Inside Ironwood: A Deep Dive into Google’s Next-Gen AI Chip

Inside Ironwood: A Deep Dive into Google’s Next-Gen AI Chip
  • calendar_today August 17, 2025
  • Technology

Google released its latest Tensor Processing Unit (TPU) seventh-generation model, known as Ironwood, which represents a major progression in its customized AI hardware. Ironwood represents a significant advance, enabling advanced “agentic AI” abilities through simulated reasoning capabilities that Google calls “thinking” for its leading Gemini models in what the company terms the “age of inference.”

The company maintains that its Gemini models depend fundamentally on its infrastructure capabilities while its custom AI hardware significantly enhances inference speeds and context window sizes. Ironwood stands as Google’s most advanced TPU designed for scalability, enabling proactive AI operations that gather data and produce outputs independently which aligns with Google’s agentic AI vision.

The performance of Ironwood significantly surpasses that of its earlier models in terms of throughput capabilities. Google intends to implement these chips through very large liquid-cooled clusters which could comprise up to 9,216 units. A newly improved Inter-Chip Interconnect (ICI) will enable these chips to communicate directly for high-speed data transfer throughout the whole system.

The powerful design will serve multiple purposes beyond Google’s internal operations. Developers looking to run demanding AI projects in the cloud will also be able to leverage Ironwood through two distinct configurations: Ironwood offers both a 256-chip server configuration and an extensive 9,216-chip cluster option.

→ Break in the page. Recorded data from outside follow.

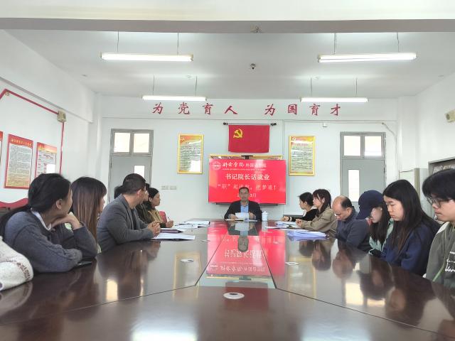 ​(图/文 袁小清)为贯彻落实学校就业工作会议精神,进一步加强学生就业指导服务效果,更好地推进我院毕业生顺利毕业,尽早就业。3月20日,外国语学院在文C二楼党员活动室举办“书记院长话就业”活动。学院党委书记、院长刘华东以《“职”起远航,把梦追》为题,为学院师生讲授了一堂精彩的“开学就业第一课”。学院全体辅导员、2024届毕业班班主任及学生干部、学生党员代表在座聆听,活动由学院党委副书记谢懿主持。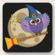 Personalizado búho mago volando en una escoba mágica en una noche de luna llena. El búho violeta lleva puesto un gorra mago y grandes anteojos rojos redondos y lanza un hechizo con una varita mágica. Perfecto para Halloween o magos, brujas y amantes de la magia.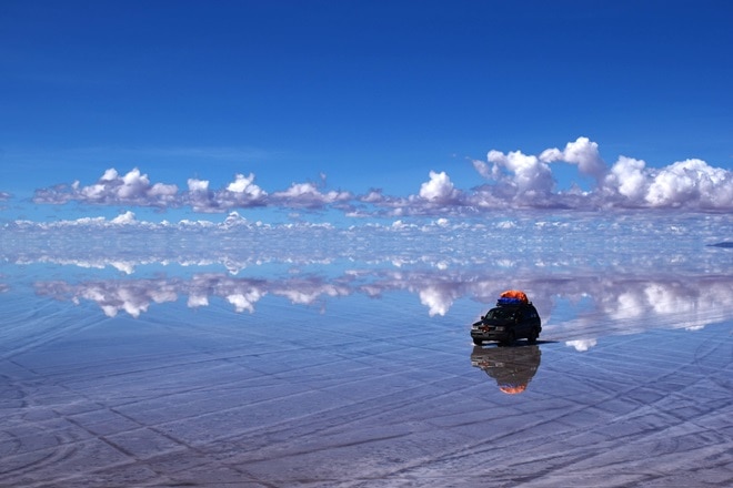 雨季(11月~4月)には水が貼ることにより「天空の鏡」が出現し、空を歩いているような上下対象の不思議な光景を生み出します!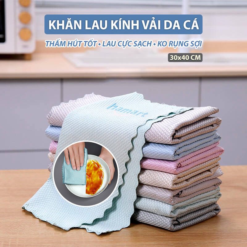 Mua tại TiktokKhăn Lau Bếp Đa Năng Vải Da Cá được làm từ sợi Superfine Fiber, độ thấm hút nước cao, không để lại vệt nước hay vệt lau trên bề mặt. Sợi Superfine Fiber còn có tính chất bền, không có bụi vải nên đặc biệt phù hợp để lau gương kính thuỷ tinh rất hiệu quả & tiện lợi.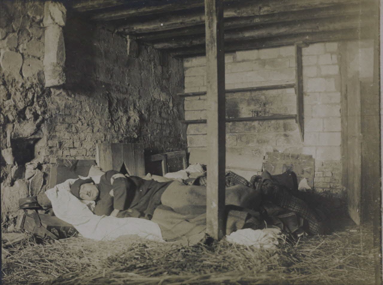 42. Notre cave dortoir à St Hilaire le Grand. Intérieur de la cave de la maison Voinchet. [légende d'origine]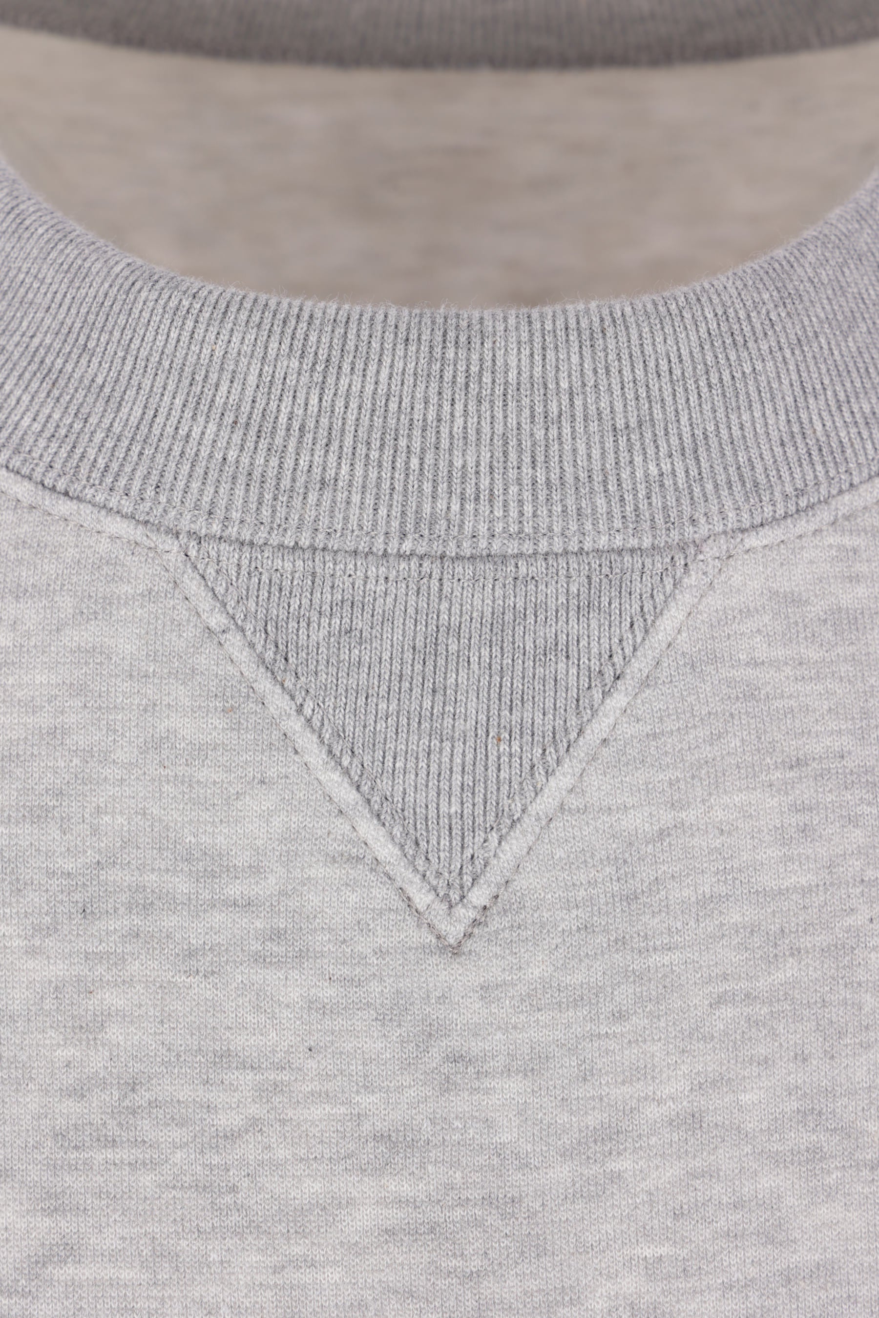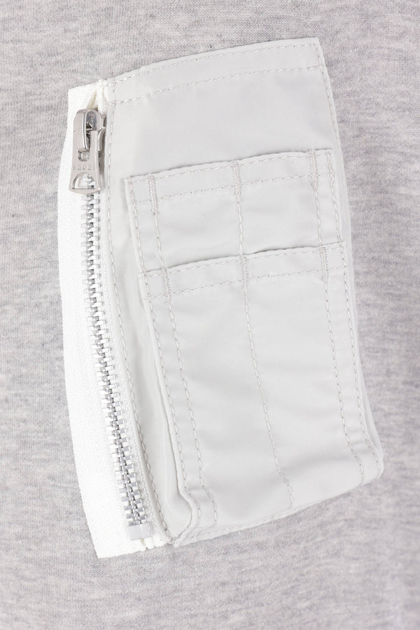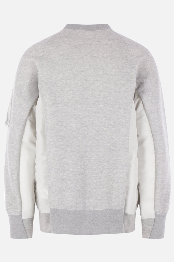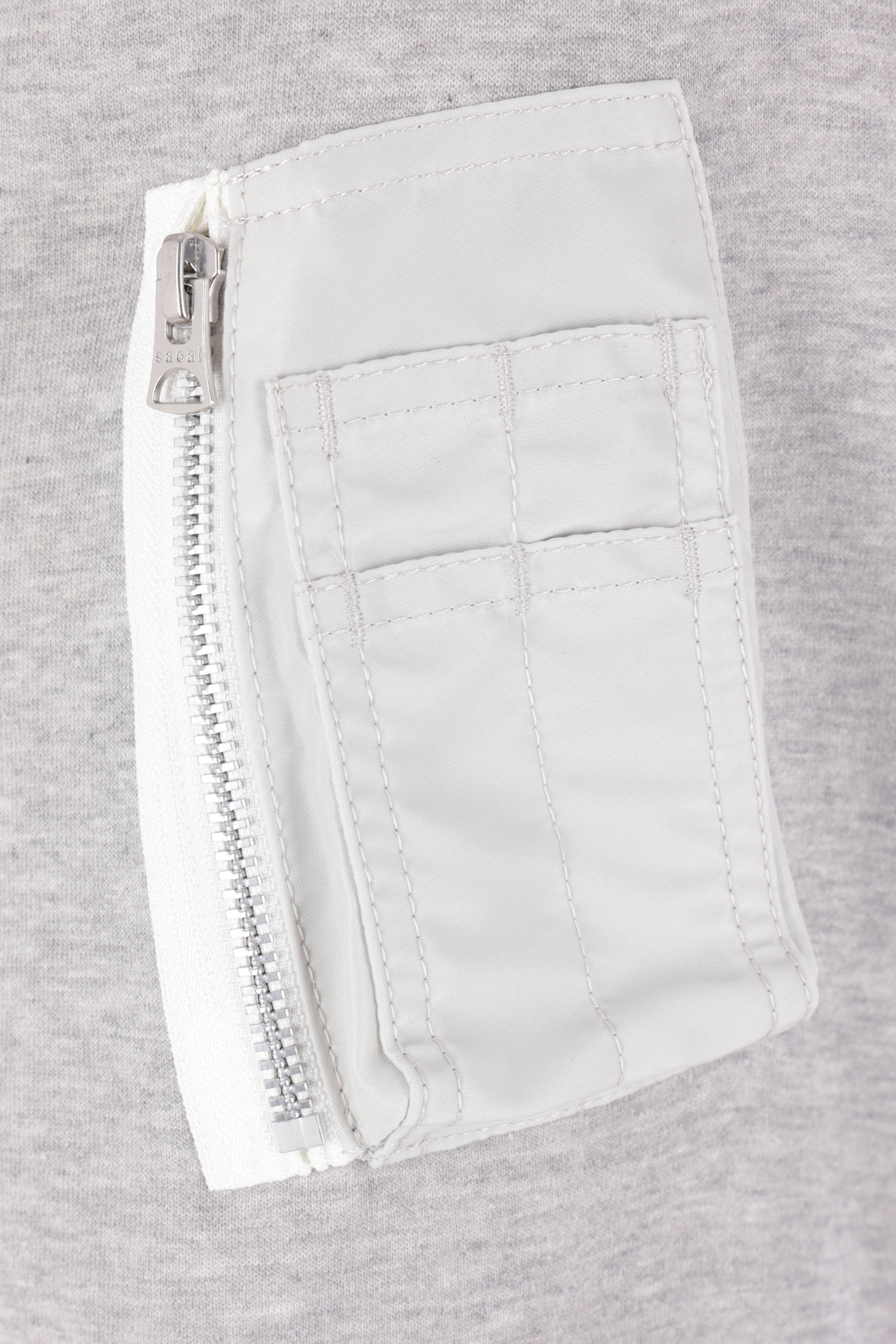 Felpa di Sacai realizzata in jersey di misto cotone color grigio chiaro con inserti laterali stile bomber in twill di nylon tono su tono. Caratterizzata da scollatura a giro, tasche multiple, maniche lunghe e bordi a costine.

Google’s Ironwood pods reach an incredible peak of 42.5 Exaflops when configured at their maximum capacity. Google reports that each Ironwood chip delivers a peak throughput of 4,614 TFLOPs, which reflects a substantial advancement from previous models. Google’s new TPUs feature a substantial memory upgrade as each chip now comes with 192GB, which amounts to six times the memory capacity of the previous Trillium TPU generation. Memory bandwidth expanded significantly to achieve a new peak of 7.2 Tbps, which represents a 4.5 times enhancement.

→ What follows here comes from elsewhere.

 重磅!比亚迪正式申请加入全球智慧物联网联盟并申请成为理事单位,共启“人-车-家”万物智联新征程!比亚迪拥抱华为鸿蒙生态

Google performs benchmark tests on Ironwood using FP8 precision because direct hardware comparisons between AI systems remain complex because of different measurement methods. The assertion that Ironwood “pods” operate at a speed 24 times faster than segments of the world’s top supercomputer must be approached carefully because FP8 support is missing in some of those systems. Google’s direct comparison excludes its Trillium TPU v6 hardware. Google claims that Ironwood delivers double the performance per watt compared to v6. A company spokesperson indicated that Ironwood represents the successor to TPU v5p and that Trillium followed the less powerful TPU v5e. Trillium achieved computational performance levels of about 918 TFLOPS when operating at FP8 precision.

Ironwood stands out as a major development within Google’s AI framework despite the challenges associated with benchmarking. Ironwood delivers superior speed and efficiency compared to past TPUs, capitalizing on Google’s established strong foundation that has driven swift advancements in large language models and simulated reasoning. The advanced Gemini 2.5 model by Google continues to operate using earlier generation Tensor Processing Units (TPUs). Ironwood’s improved inference speed and efficiency will enable major advancements in AI abilities during the upcoming year, which marks the beginning of the “age of inference” and the development of more advanced agentic AI systems.